Кажется, от спокойствия ее ничего не осталось, но Улпан больше и не заботилась об этом…
– А, кто из вас назовет женщину, которая нашла счастье в юрте у братьев своего мужа? Молчите?.. Потому что не можете назвать! А я по именам назвала бы вам других – они рабынями стали, одно знают: в дом входят с топливом, а выходят с золой. Таких сколько угодно и в ауле самого Есенея, и аменгерство не принесло добра никому. Вы настаиваете: вдова прав не имеет на хозяйство мужа, так было и так пребудет, и вся жизнь у казахов идет в роду от мужчины к мужчине, и на мужчинах держится… Может быть, русские торе поверят вам, они не знают… А мы знаем! Какие две ветви у кереев? Ашамайлы и абак? Абак-керей – двенадцать волостей! Было время – Абак, женщина, считалась главой многих племен!
Она торжествующим взглядом обвела биев, волостных управителей, зная, что возразить ей нечего…
– Война, говорят, мужское дело… А какой боевой клич принят у кара-кесеков, их набралось около двадцати волостей? Каркабат… Когда Биржан-сал вступил в поэтическое состязание с Сарой… Помните? «Сал Биржан, чтоб сил прибавилось, к духу Каркабат взывал». Тоже имя – женское. А сколько родов носят названия, идущие от женских имен? Айбике, нурбике, суюмбике, кызбике, просто – бике, у сибанов – кунгене. Еще назвать? Разве не женщина-мать выделила семьи трех своих сыновей, от которых пошли – куандык, суиндык, каржас…
Улпан могла бы и еще продолжать, доводов у нее хватило бы. Но она устала. Да и бесполезно. Волков не накормишь сеном, которое на зиму скашивают для отар.
– Почтенные бии, уважаемые волостные управители… Не захотите согласиться – допустите явную несправедливость, и потомки не простят вам. А наша семья, если пригласят на чрезвычайный съезд, будет настаивать – вдова пусть остается полной хозяйкой в своем доме, и никто, под страхом сурового наказания, не должен принуждать ее к аменгерству.
Токай взглянул на Байдалы, а Байдалы – на Токая. Улпан говорит так потому, что беспокоится за свою судьбу. Русские торе могут подумать, что с ней согласны все казахские женщины. Ну ладно… Есть же бог на свете… Наступит день… Конечно, пусть продлится жизнь Есенея! И все же, кажется, тот день недалек…

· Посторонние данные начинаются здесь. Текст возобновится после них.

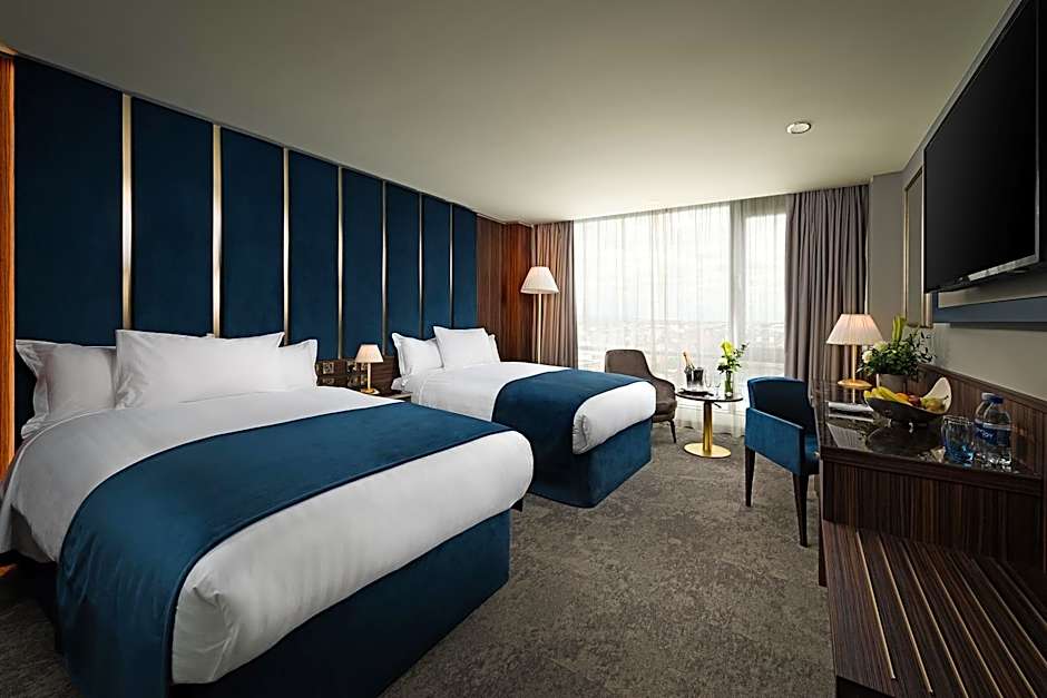 A standard twin room at The Savoy consists of two queen beds. All deluxe twin rooms feature free WiFi, a flat-screen TV with satellite channels, tea/coffee making facilities and mini-bar. The private bathroom comes with a bath with a shower over, bathrobes and free toiletries. Extras include a safe, ironing facilities and a desk.
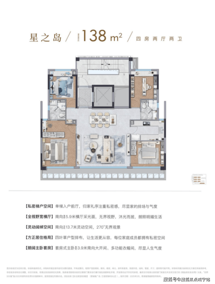 这个四房虽然建面只有138㎡,但因为是5层叠墅的高得房率,以及室内空间的高效利用,其功能和尺度感,给人的感觉十分惊艳。
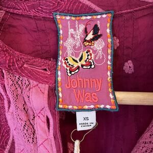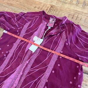 NWT Johnny Was Chamylla Blouse Top XS Embroidered Button Front Boho Floral Lace Eyelet Purple Plum Lightweight Breathable
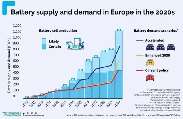 T&E報(bào)告指出,想要達(dá)到如此數(shù)額的年供應(yīng)量并不容易,期間仍然會(huì)嚴(yán)重依賴亞洲電池和技術(shù),這種情況甚至?xí)恢背掷m(xù)到2029-2030年。

Еще два дня продолжались разговоры. Байдалы-бий и Токай-бий по мелочам схватывались, а в главном были заодно. Будто, чтобы справиться о здоровье, пожелать долгих лет жизни, они навестили Есенея. Пытались намекнуть – хорошо бы, он заставил Улпан уступить, не настаивать…
Но Есеней не поддался на уговоры.
– Улпан я доверился один раз и навсегда, и никогда не раскаивался. Ее слова не только мои слова, это слова всех сибанов. Пусть ваши уши к этому привыкнут.

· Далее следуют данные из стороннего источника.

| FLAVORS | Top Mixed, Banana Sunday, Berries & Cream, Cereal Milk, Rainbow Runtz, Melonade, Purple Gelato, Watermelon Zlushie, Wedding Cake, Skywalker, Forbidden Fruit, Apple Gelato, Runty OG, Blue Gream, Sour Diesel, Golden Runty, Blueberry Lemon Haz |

К себе за занавеску он их не допустил, а сказав то, что сказал, замолк.
Под нажимом Турлыбека и Леознера предложения Улпан были приняты. Первое – целиком: вдова имеет право выйти замуж за того, за кого захочет. А второе – с поправкой: вдове остается две трети скота ее мужа и всего остального имущества, а одну треть она должна раздать его родственникам.
Съезд аульных представителей Омской области состоялся не скоро, а когда состоялся – принял такие же законы для степи. Не всюду они соблюдались, но важно было, что они есть.
18
19
Сказать честно, навряд ли Байдалы мог представить себе – сколько это, пятнадцать десятин. Он от предков унаследовал и привык считать – вся земля, сколько видит глаз, его. Какие времена настают – землю станут мерять, как ситец в лавке у татарина!

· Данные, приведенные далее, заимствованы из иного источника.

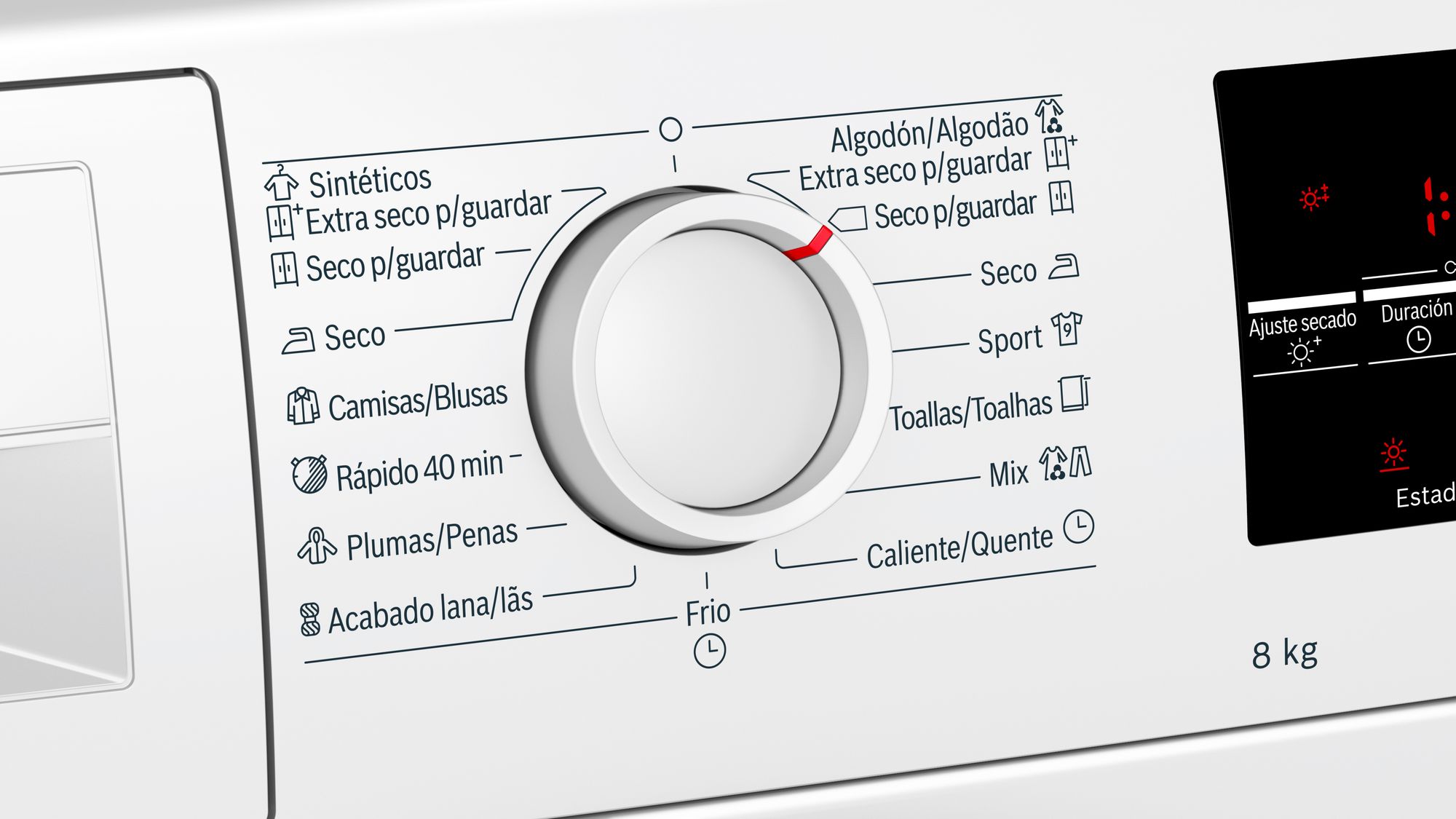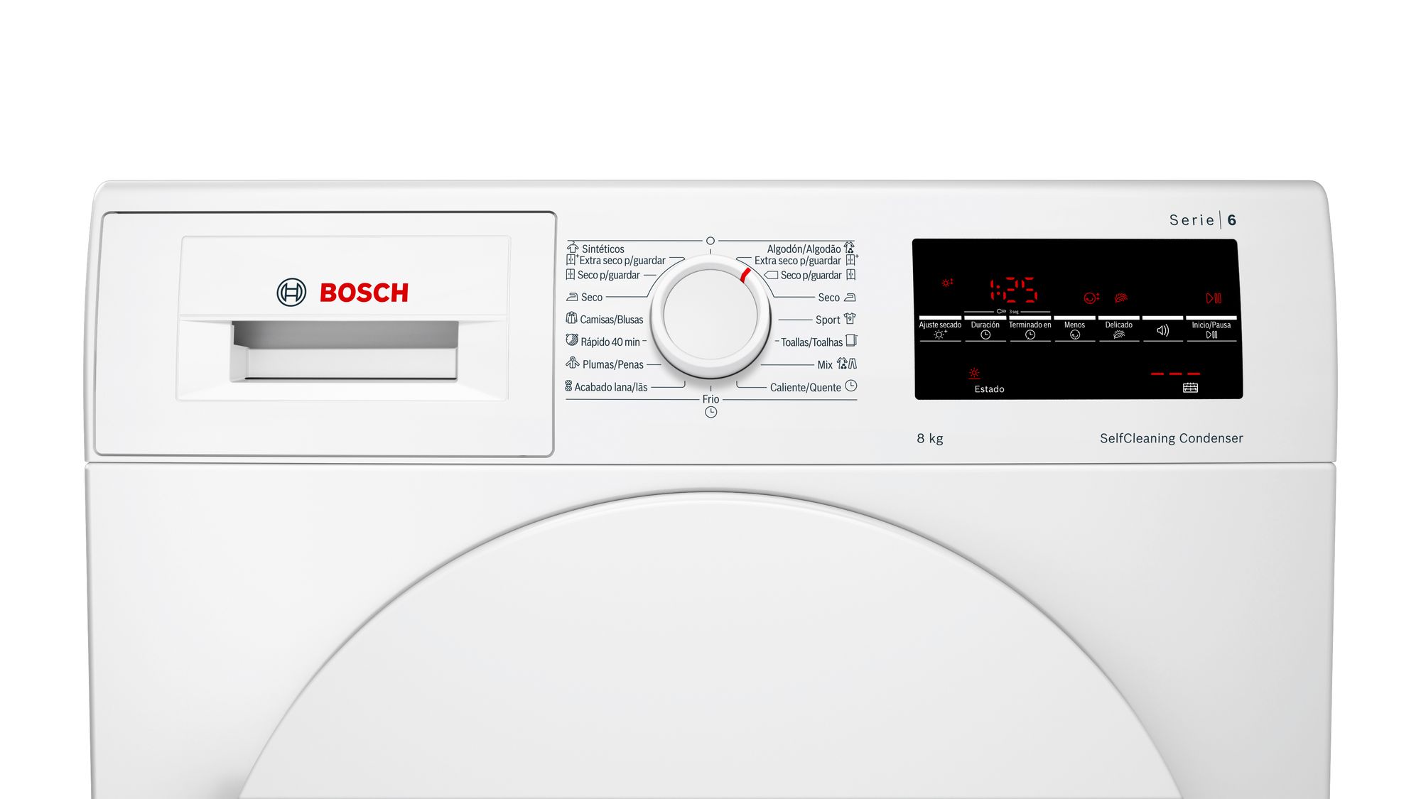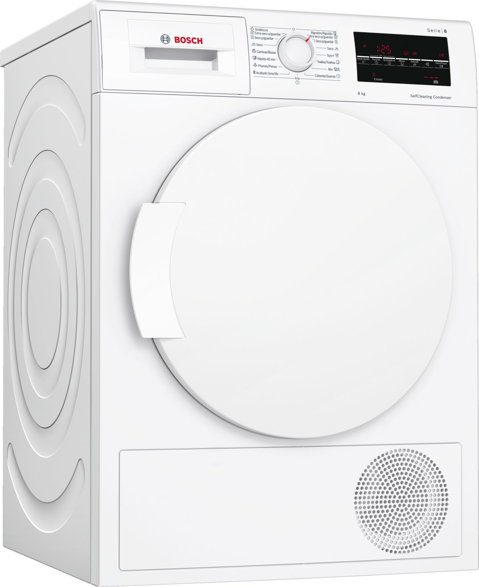 8 KG. BOMBA DE CALOR. BLANCO. "A+++". DISPLAY LED. CONDENSADOR AUTOLIMPIANTE. LUZ INTERIOR DEL TAMBOR. PROGRAMACION DIFERIDA. INDICACION DEL TIEMPO RESTANTE. TAMBOR INOX CON PALAS ASIMETRICAS. POSIBILIDAD DE CONEXION A DESAGUE CON TUBO INCLUIDO. AJUSTE DE GRADO DE SECADO MEDIANTE SENSORES.

Токай хорошо знал своего давнего и постоянного недруга и постарался подбросить хворосту в костер:
– Не мало – пятнадцать, не мало… В прошлом году летом, я ехал в Стап. Есенеевский хлеб стоял – как бескрайнее озеро! Пятнадцать десятин даже на хорошем коне быстро не объедешь, – повернулся он к Улпан.
– В прошлом году мы там не пятнадцать сеяли, – ответила она. – Десятины на две поменьше. А если не считать гостей, для нас самих того хлеба на два года хватило бы!
Турлыбек еще не кончил говорить, но уже знал – два главных бия заняли противоположные стороны. И ни один волостной управитель или другой аткаминер не выскажет отличного от них мнения, все разделятся на два лагеря. Но и особого спора не возникнет. К лицу ли – горячиться, замахиваться друг на друга, чуть ли не в горло вцепляться из-за какой-то земли? Из-за каких-то посевов?.. Земли и так, слава аллаху, много под небом! Другое дело – если бы речь шла о том, кому достанется чья-либо вдова, если бы выбирали управителей или биев… Тогда бы и страсти были раскаленнее.
А так – Байдалы-бий будет твердить свое, Токай-бий – противоположное… Турлыбеку это было ясно, но он продолжал, стараясь приманить кереев и уаков выгодами и льготами:
– Запомните и передайте сородичам… Та семья, которая засеет пять десятин, получит без всяких процентов ссуду – пятьдесят рублей, вернуть ее надо будет через три года. А за пятьдесят рублей они смогут купить двух лошадей. Соха стоит пять рублей, железные вилы – сорок копеек, овца – два рубля, стригун – четыре рубля. Пятьдесят рублей для обзаведения – немалые деньги.
Биев и эти расчеты оставили равнодушными. Но Турлыбек, еще не все козыри выложил:
– Люди сибанских аулов почти десять лет уже сеют хлеб и косят сено. Для них – в подарок – мы привезли три сенокосилки, три сохи, пять борон, трое конных граблей.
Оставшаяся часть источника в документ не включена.